The lines from the one containing "Hermes Green Epsom Calvi Card Holder" through the last one in the data: please copy those exactly, and only those, without the pictures.
BEGIN STORED DATA
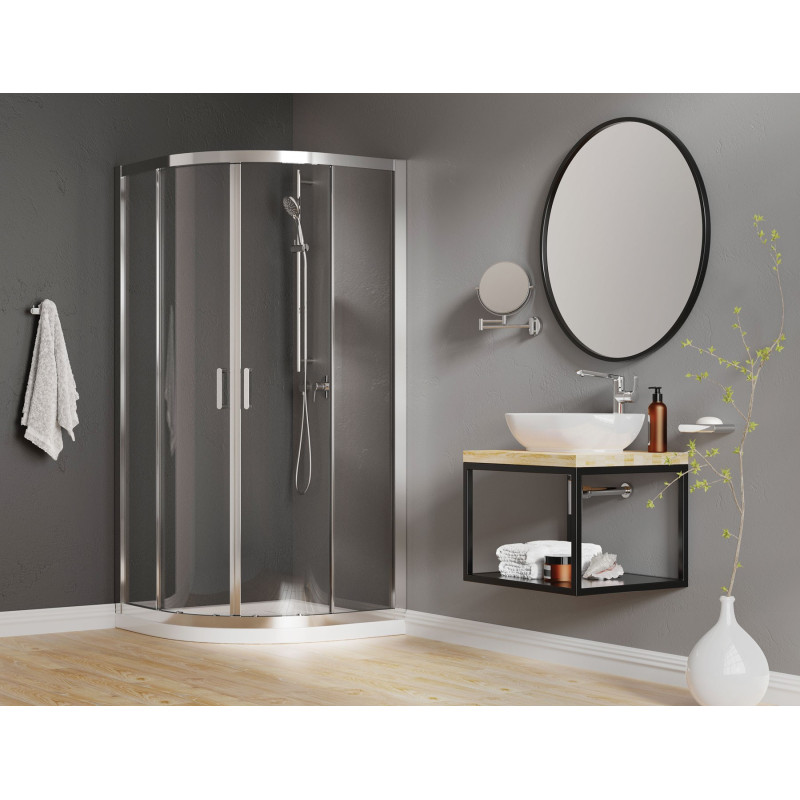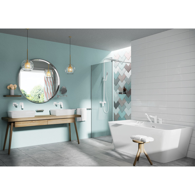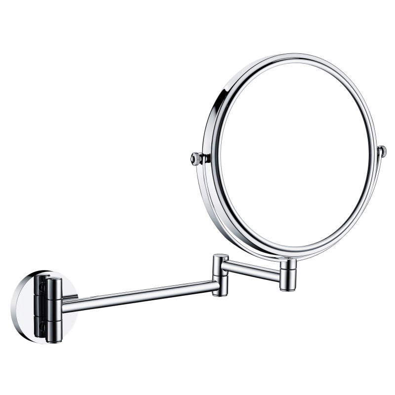 Eleganckie lusterko ścienne z serii Round to praktyczny dodatek do każdej łazienki. Dzięki długiemu, ruchomemu ramieniu łatwo ustawisz taflę pod idealnym kątem. Zwierciadło jest dwustronne – jedna strona prezentuje standardowe odbicie, a druga zapewnia trzykrotne powiększenie, co ułatwia precyzyjny makijaż i pielęgnację. Błyszczące, chromowane wykończenie harmonijnie komponuje się z innymi akcesoriami z tej linii.
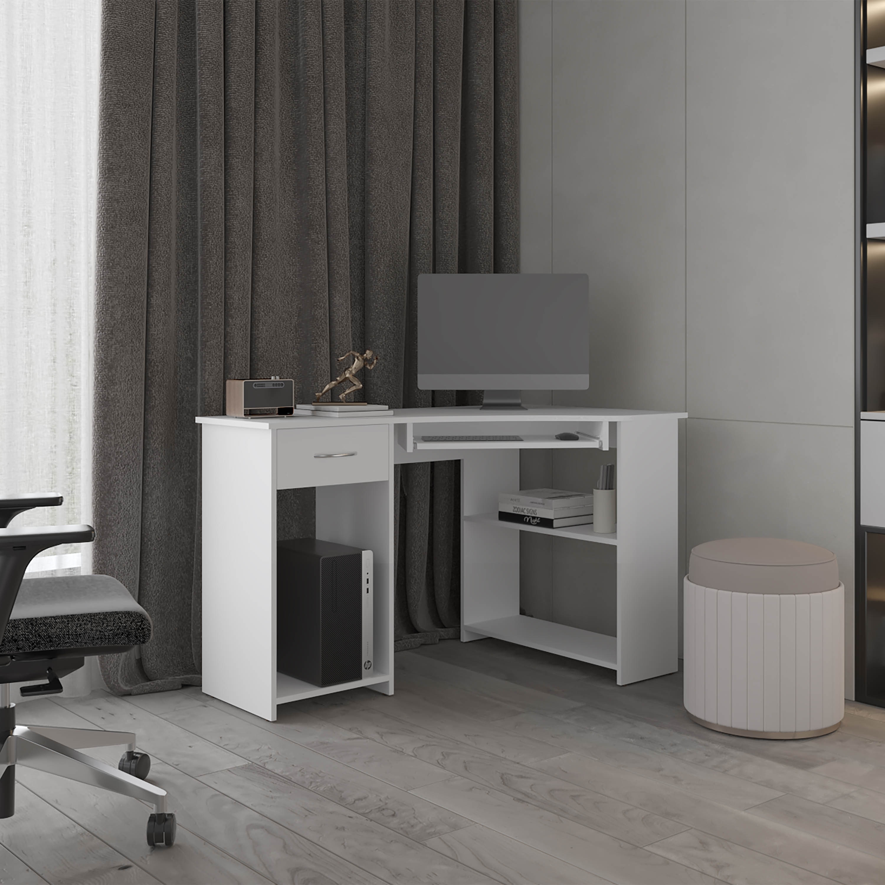 Corner Desk 29.5" H, 2 Drawers, 3 Shelves, White - Office
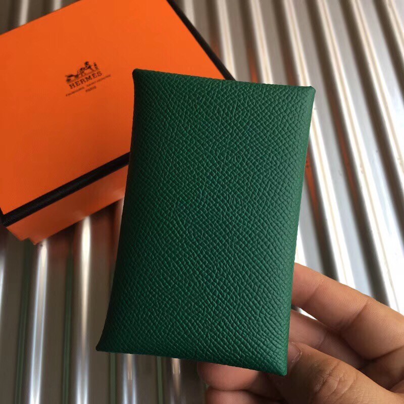 Hermes Green Epsom Calvi Card Holder
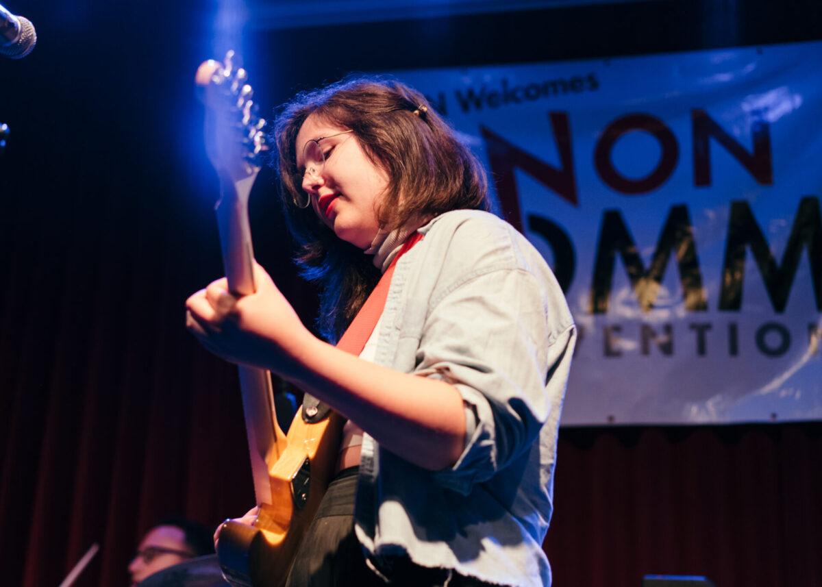 Virginia native Lucy Dacus delivered an incredibly sophisticated performance, second to last on the upstairs stage for NONCOMM night one. Following the blowup success of 2018’s LP, Historian, it seems like the radio can’t get enough of her. Dacus was introduced tonight by NPR’s Bob Boilen, who called Historian his favorite album of the year.
END STORED DATA
**RESULT OF THIS TASK:**
 Hermes Green Epsom Calvi Card Holder
 Virginia native Lucy Dacus delivered an incredibly sophisticated performance, second to last on the upstairs stage for NONCOMM night one. Following the blowup success of 2018’s LP, Historian, it seems like the radio can’t get enough of her. Dacus was introduced tonight by NPR’s Bob Boilen, who called Historian his favorite album of the year.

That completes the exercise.